Get enough engineers on a problem, and in this age of innovation, you will likely solve it.
The US has pledged that 100 per cent of its electricity will be generated from clean energy technology by 2035. Achieving that will require many of the dynamic dozen. But there are long-standing worries about their global supply and the environmental damage of their extraction. Much of the resource is in China, Indonesia and the Democratic Republic of the Congo, which the International Energy Agency has described as “a concern from a geopolitical point of view”.
Enter Old King Coal. Coal waste (in the US at least) contains absolutely tonnes of the stuff. Coal ash alone contains an estimated 288,000 tonnes of lithium, enough to supply the US market for 130 years. It is also rich in cobalt, neodymium, dysprosium, platinum, iridium, gallium and germanium. The last two of these are needed for the semiconductors that will be used in sensors and controllers for the clean tech.
“It’s significant enough to meet some of these clean energy targets that we have,” said Wilcox in the webinar. “I’m really excited.”
There are other reasons to be excited. Not only does coal waste contain those crucial elements, some of it is rich in magnesium and calcium. These aren’t being lined up for extraction, but as a material for negative emissions tech. Coal waste containing magnesium and calcium reacts with carbon dioxide and locks it away as solid carbonates.
Coal waste is also often situated in communities blighted by the loss of jobs in mining. They need new jobs and often have the skills that will be required to develop a minerals extraction industry. Win, win, win, win.

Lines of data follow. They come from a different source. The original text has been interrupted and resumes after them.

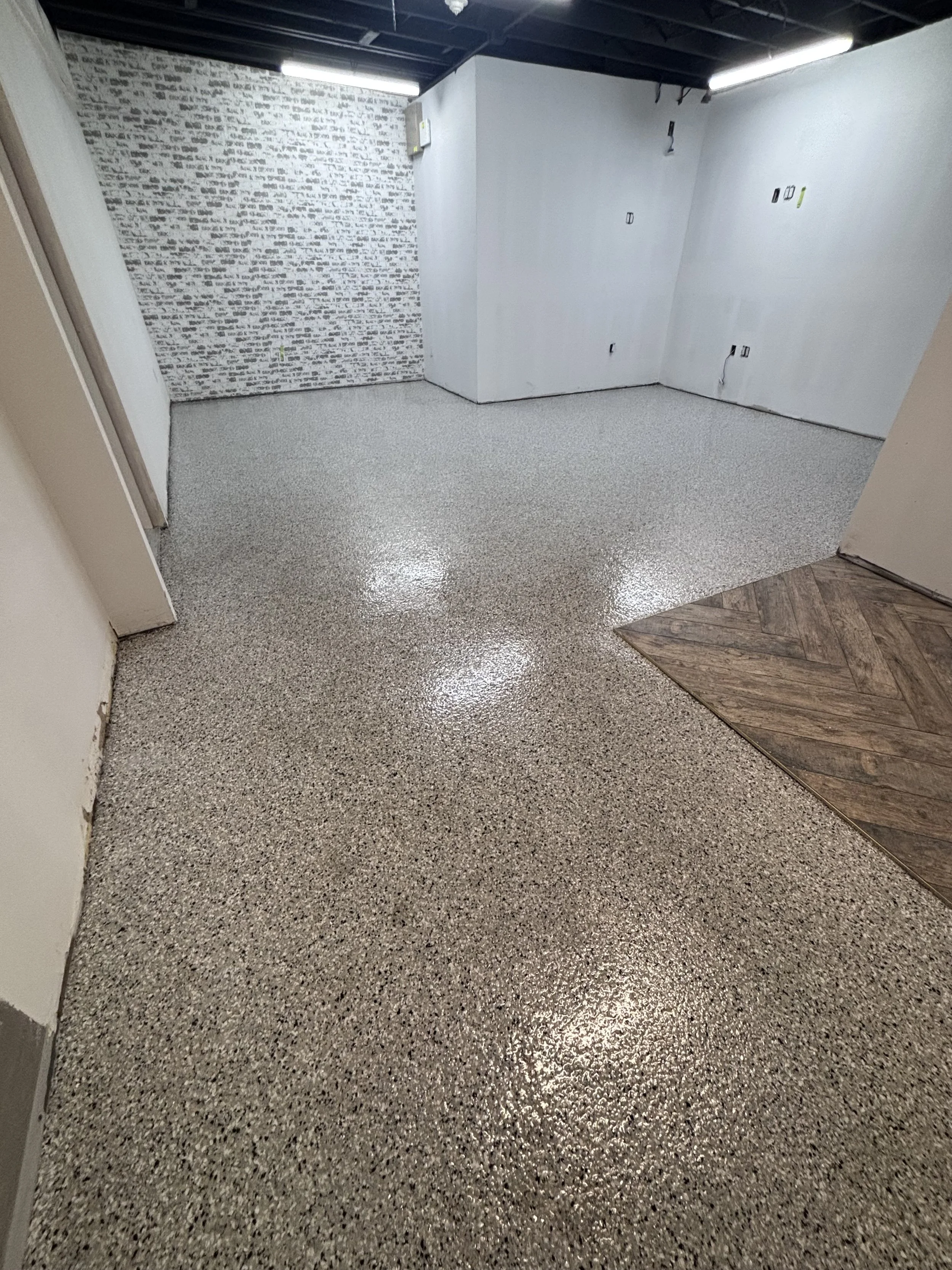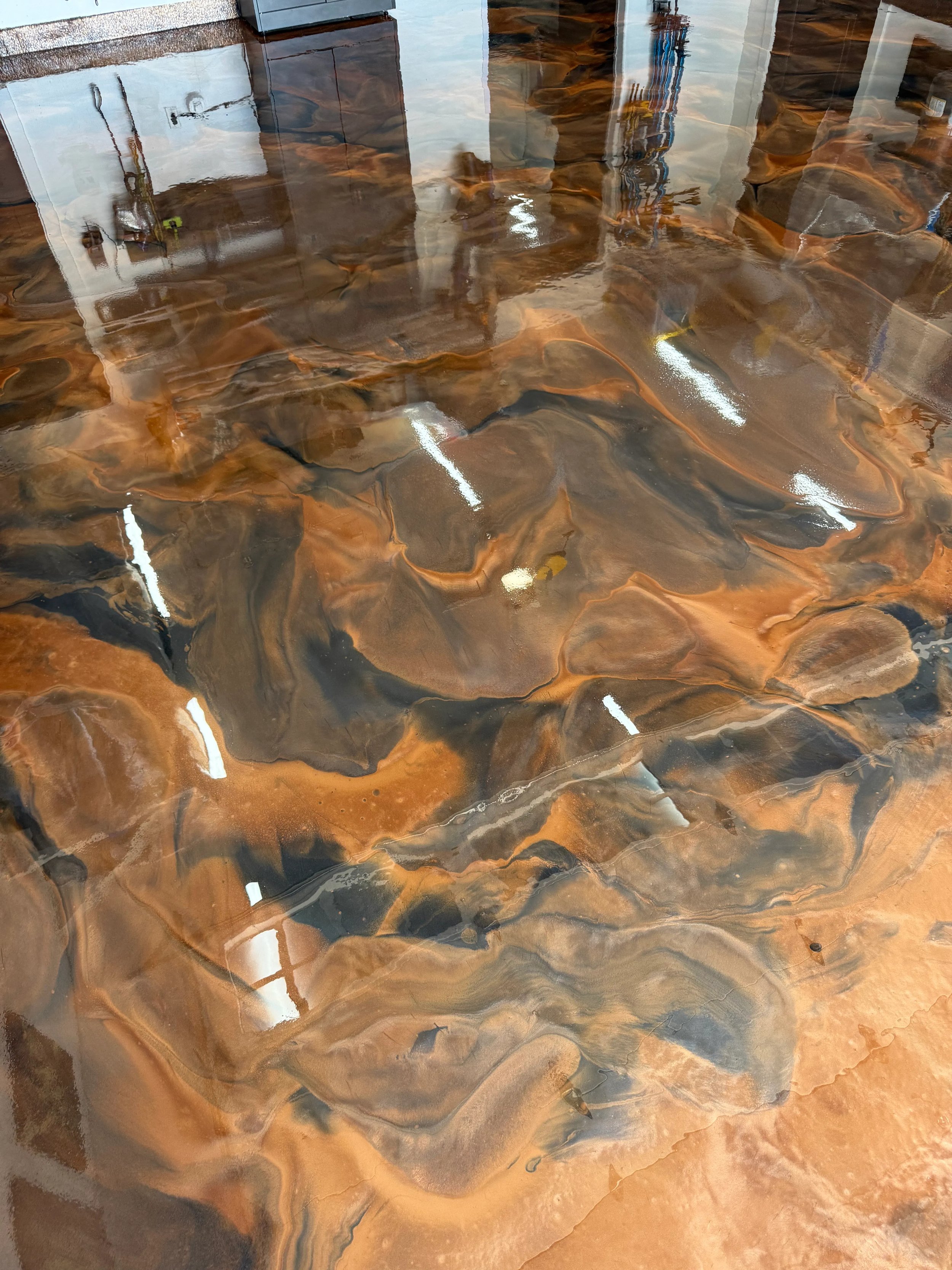 Flaked Epoxy Floor Build your flaked floor! Book an appointment! Metallic Epoxy Floor Build your own metallic floor! book an appointment!
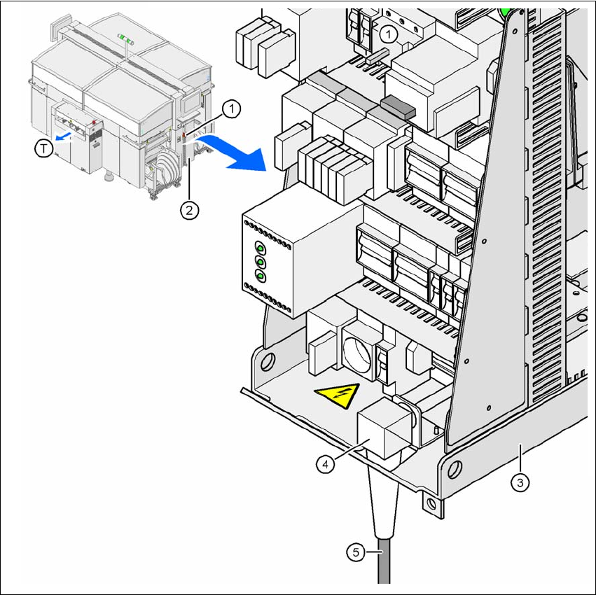 3 技术数据 SIPLACE HF 系列用户 手册 3.8 电气与气动连接点 软件版本 SR.505.xx 2004 年 7 月中文版 112 3.8 电气与气动连接点 3.8.1 电气连接点 (1) 图 3.8 - 1 贴片机上的电气连接点 (1) (1) 主电源开关 (2) 电源单元上的盖子 (3) 电源单元 (4) 电缆密封套的角度 (5) 电源电缆 (T) PCB 传送方向
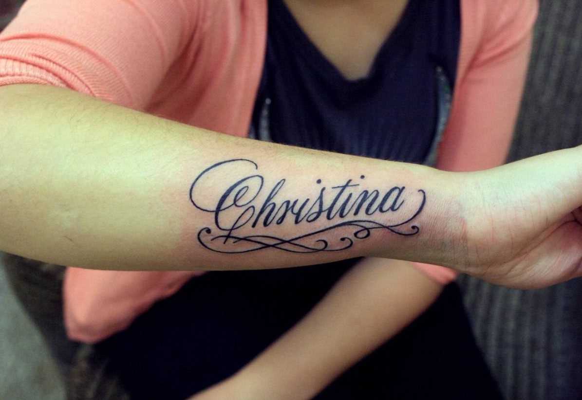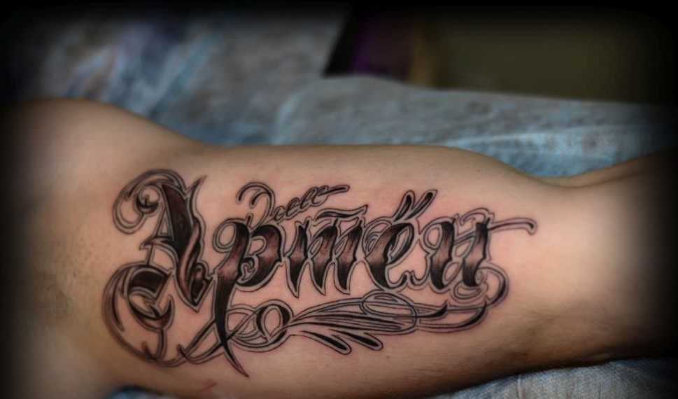 Татуировки имена будут превосходно смотреться в самых разнообразных стилях, все зависит лишь от желания заказчика. Сильные, волевые, мужественные личности могут нанести имя готическим, типографским шрифтом, можно создать видимость «нацарапанной» надписи. Утонченные, легкие натуры могут выбрать красивый каллиграфический шрифт, обрамленный орнаментом или другими декоративными элементами.
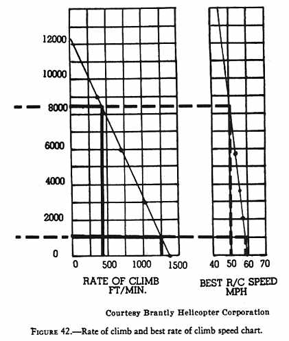 The chart in figure 42 is an example taken from one manual from which rates of climb and best rate of climb airspeed can be computed. It can be used to compute the rate of climb for various density altitudes. The steps are as follows:
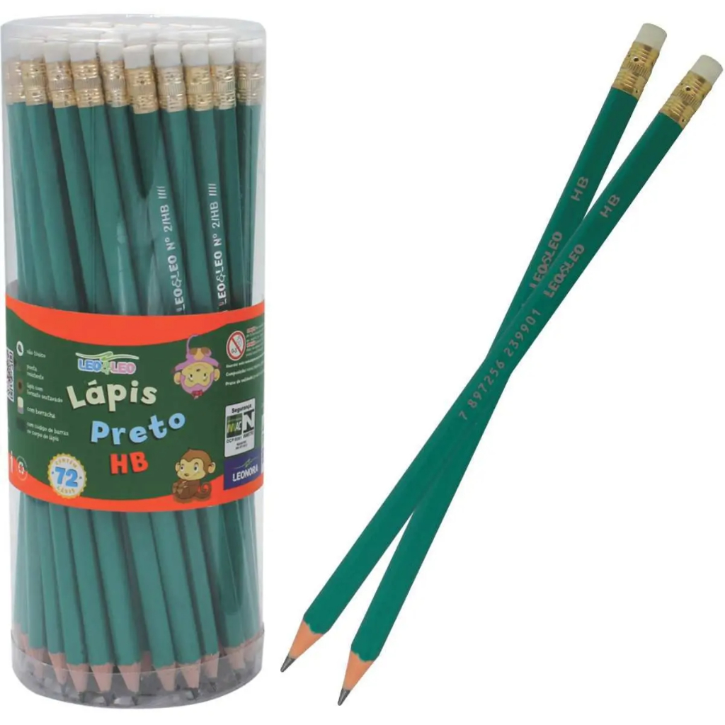 Lápis Preto Com Borracha Leo&Leo N2 HB Sextavado Resina Com 72 Unidades
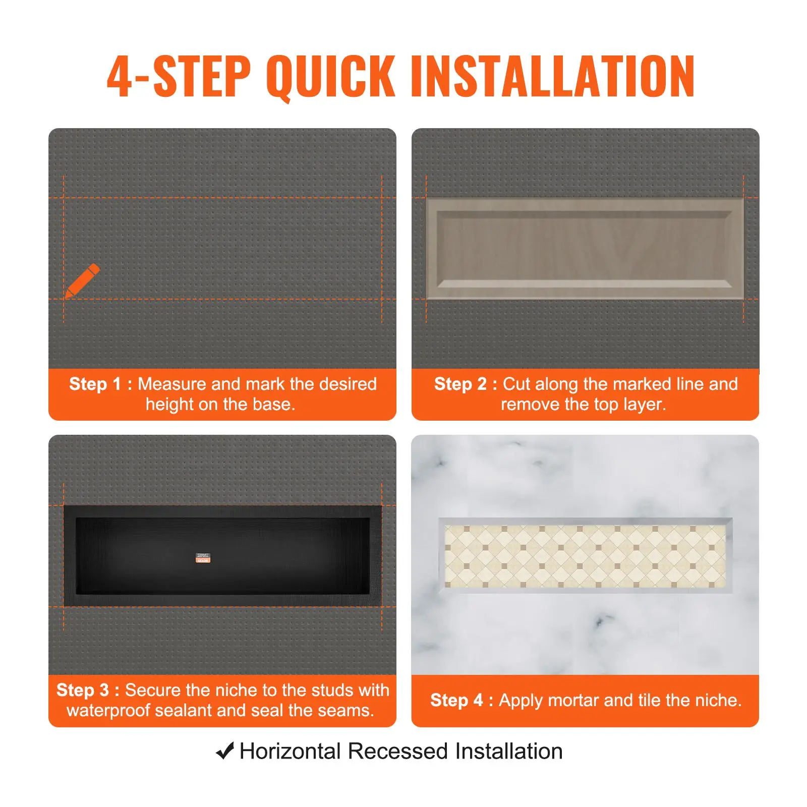 • Easy Installation: Equipped with a complimentary installation kit, horizontal embedded installation, you only need to follow the following steps to complete. These shower niche shelves can be installed without complicated procedures.

But there is a way to go. The purity of the elements is typically modest, said Wilcox, and the separation technologies to recover and refine them are in their infancy. The cost of doing so is also unknown. But the US Department of Energy is burning the midnight coal to work out how to do it.
And if coal doesn’t work out, there are other unconventional feedstocks that could be tapped. These include asbestos mine tailings, “red mud” from aluminium production, brines from geothermal power plants, phosphogypsum wastes from phosphoric acid and fertiliser production, e-waste, conventional landfills and even sewage sludge.
Of course, if the US does develop a coal waste separation industry, it is unlikely to share the bounty. But many other countries, including the UK and Germany, have plenty of slag of their own. Coal may be on its way out, but its legacy could help to save us from the storms of our own making.
As I’ve reported before, Rice University has been working on exactly this problem for some time.
The Rice lab of chemist James Tour reports it has successfully extracted valuable rare earth elements (REE) from waste at yields high enough to resolve issues for manufacturers while boosting their profits.
The lab’s flash Joule heating process, introduced several years ago to produce graphene from any solid carbon source, has now been applied to three sources of rare earth elements — coal fly ash, bauxite residue and electronic waste — to recover rare earth metals, which have magnetic and electronic properties critical to modern electronics and green technologies.
The researchers say their process is kinder to the environment by using far less energy and turning the stream of acid often used to recover the elements into a trickle.
The study appears in Science Advances.
Rare earth elements aren’t actually rare. One of them, cerium, is more abundant than copper, and all are more abundant than gold. But these 15 lanthanide elements, along with yttrium and scandium, are widely distributed and difficult to extract from mined materials.
“The U.S. used to mine rare earth elements, but you get a lot of radioactive elements as well,” Tour said. “You’re not allowed to reinject the water, and it has to be disposed of, which is expensive and problematic. On the day the U.S. did away with all rare earth mining, the foreign sources raised their price tenfold.”
So there’s plenty of incentive to recycle what’s been mined already, he said. Much of that is piled up or buried in fly ash, the byproduct of coal-fired power plants. “We have mountains of it,” he said. “The residue of burning coal is silicon, aluminum, iron and calcium oxides that form glass around the trace elements, making them very hard to extract.” Bauxite residue, sometimes called red mud, is the toxic byproduct of aluminum production, while electronic waste is from outdated devices like computers and smart phones.